# TASK BRIEF:
Skip the pictures. Return exactly the lines from the one containing "如图所示,驾驶机动车在雨天行驶遇到这种情形时,以下做法正确的是什么?" through the end of the entries below.

------------------------------------

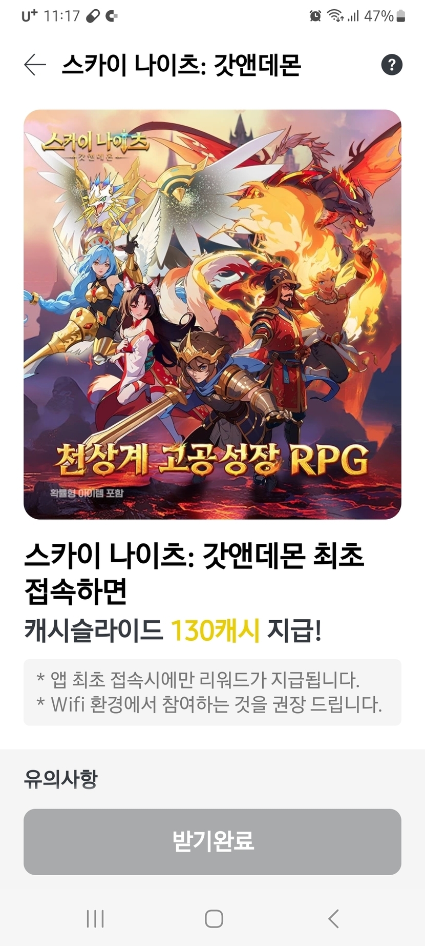 스카이 나이츠 앱 최초 접속하고 130캐시
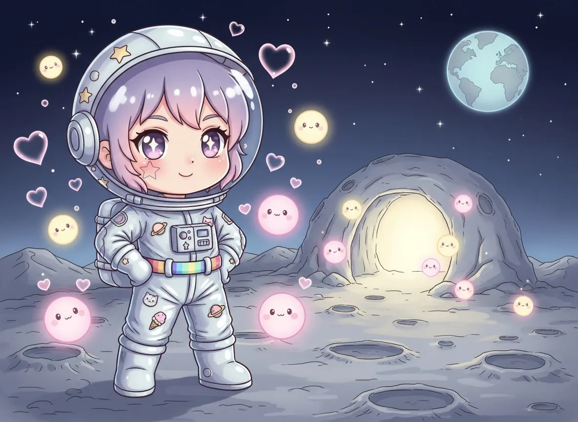 Bubbles the Nice, a young astronaut with a special sparkling power, journeys to the moon. After a soft landing, she discovers tiny, glowing moon creatures called Lunites who are lost and far from their sparkly homes. Using her unique power to create gentle light paths, Bubbles guides the wiggling Lunites across the moon's quiet surface, helping them navigate craters and hills. She eventually leads them to a luminous cave where their waiting families happily greet them. Bubbles feels happy and proud to have helped her new friends, understanding that kindness is a wonderful power as she prepares for her trip back home.
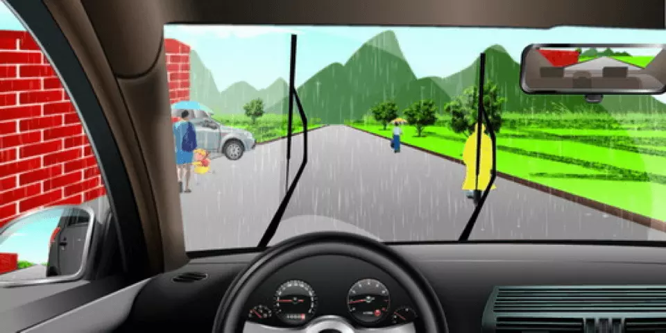 如图所示,驾驶机动车在雨天行驶遇到这种情形时,以下做法正确的是什么?
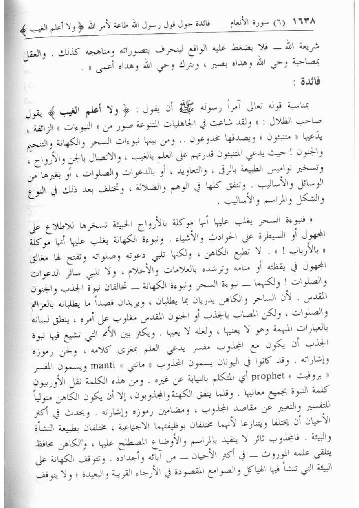 بمناسبة قوله تعالى آمرا رسوله صلّى الله عليه وسلّم أن يقول: وَلا أَعْلَمُ الْغَيْبَ يقول صاحب الظلال: «ولقد شاعت في الجاهليات المتنوعة صور من «النبوءات» الزائفة، يدّعيها «متنبئون» ويصدقها مخدوعون .. ومن بينها نبوءات السحر والكهانة والتنجيم والجنون! حيث يدعي المتنبئون قدرتهم على العلم بالغيب، والاتصال بالجن والأرواح، وتسخير نواميس الطبيعة بالرقى، والتعاويذ، أو بالدعوات والصلوات، أو بغيرها من الوسائل والأساليب. وتتفق كلها في الوهم والضلالة، وتختلف بعد ذلك في النوع والشكل والمراسم والأساليب.
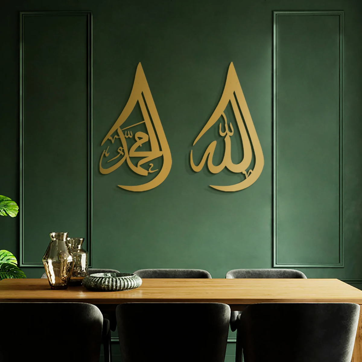 Allah and Muhammad Teardrop Metal Wall Art, Set of 2 Pieces
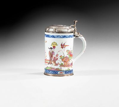MEISSEN Chope en porcelaine à décor polychrome dans le style…
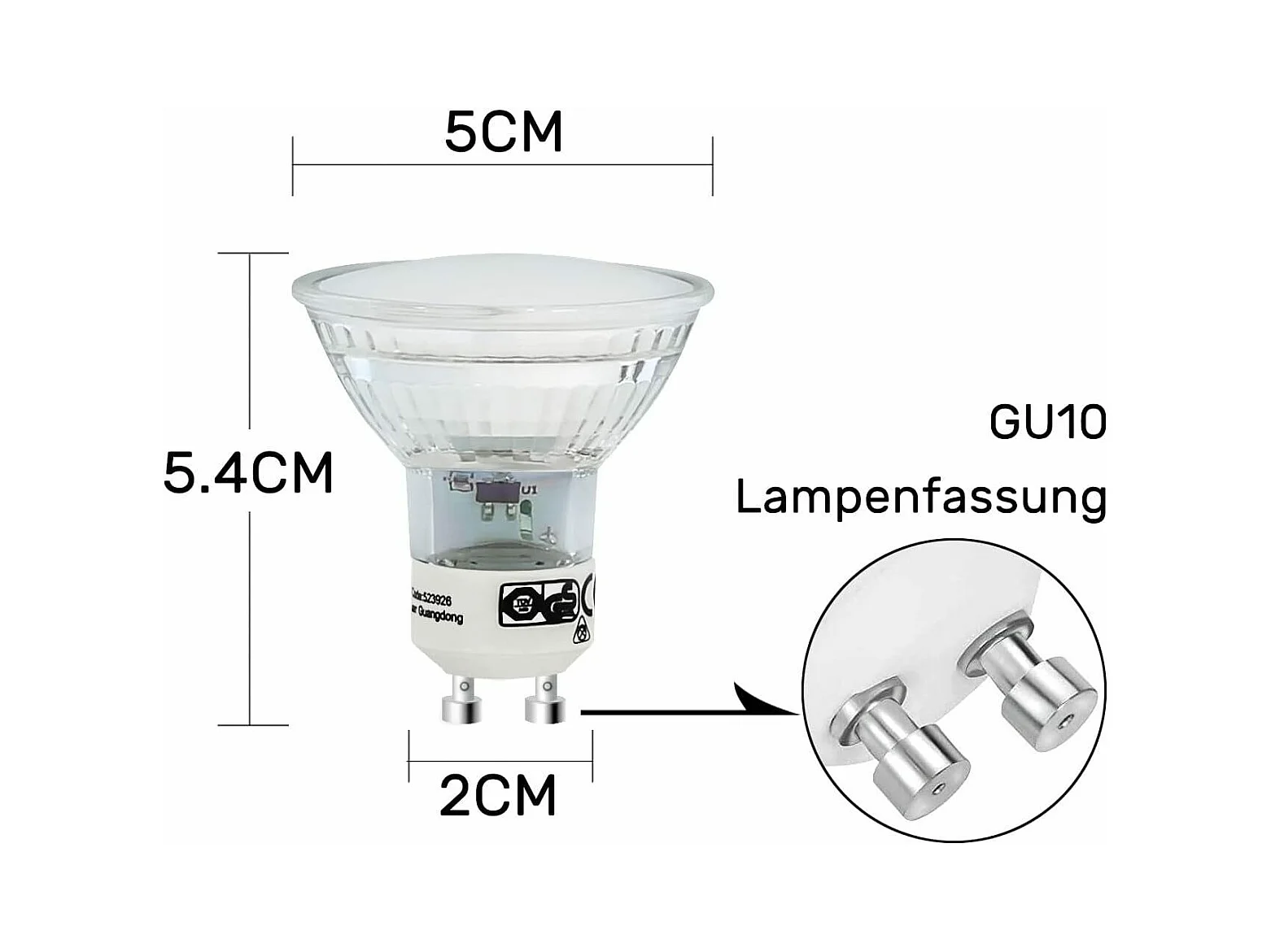 NETTLIFE Set van 10 warm wit LED - GU10 lampen, 5W vervangt 50W, energiebesparing, 3000K, straalhoek 110°, niet dimbaar, incandescent reflektor.
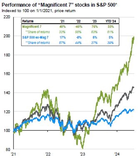 - A narrow market recovery continues to be driven by the Magnificent 7 stocks.
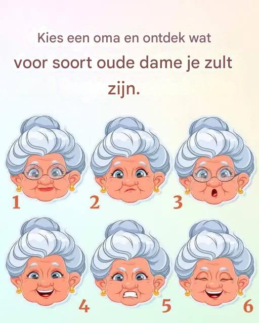 Als je kiest voor Oma nummer 5, dan ben jij het type oude dame dat geen blad voor de mond neemt! Je hebt een scherpe geest en een vurige persoonlijkheid, en je tolereert geen onzin. Mensen respecteren je omdat je brutaal eerlijk bent, maar tegelijkertijd ontzettend liefdevol. Jij bent de matriarch die het huishouden met kracht en wijsheid leidt en ervoor zorgt dat iedereen op het rechte pad blijft.

------------------------------------

# SOLUTION TO THE EXERCISE:
 如图所示,驾驶机动车在雨天行驶遇到这种情形时,以下做法正确的是什么?
 بمناسبة قوله تعالى آمرا رسوله صلّى الله عليه وسلّم أن يقول: وَلا أَعْلَمُ الْغَيْبَ يقول صاحب الظلال: «ولقد شاعت في الجاهليات المتنوعة صور من «النبوءات» الزائفة، يدّعيها «متنبئون» ويصدقها مخدوعون .. ومن بينها نبوءات السحر والكهانة والتنجيم والجنون! حيث يدعي المتنبئون قدرتهم على العلم بالغيب، والاتصال بالجن والأرواح، وتسخير نواميس الطبيعة بالرقى، والتعاويذ، أو بالدعوات والصلوات، أو بغيرها من الوسائل والأساليب. وتتفق كلها في الوهم والضلالة، وتختلف بعد ذلك في النوع والشكل والمراسم والأساليب.
 Allah and Muhammad Teardrop Metal Wall Art, Set of 2 Pieces
MEISSEN Chope en porcelaine à décor polychrome dans le style…
 NETTLIFE Set van 10 warm wit LED - GU10 lampen, 5W vervangt 50W, energiebesparing, 3000K, straalhoek 110°, niet dimbaar, incandescent reflektor.
 - A narrow market recovery continues to be driven by the Magnificent 7 stocks.
 Als je kiest voor Oma nummer 5, dan ben jij het type oude dame dat geen blad voor de mond neemt! Je hebt een scherpe geest en een vurige persoonlijkheid, en je tolereert geen onzin. Mensen respecteren je omdat je brutaal eerlijk bent, maar tegelijkertijd ontzettend liefdevol. Jij bent de matriarch die het huishouden met kracht en wijsheid leidt en ervoor zorgt dat iedereen op het rechte pad blijft.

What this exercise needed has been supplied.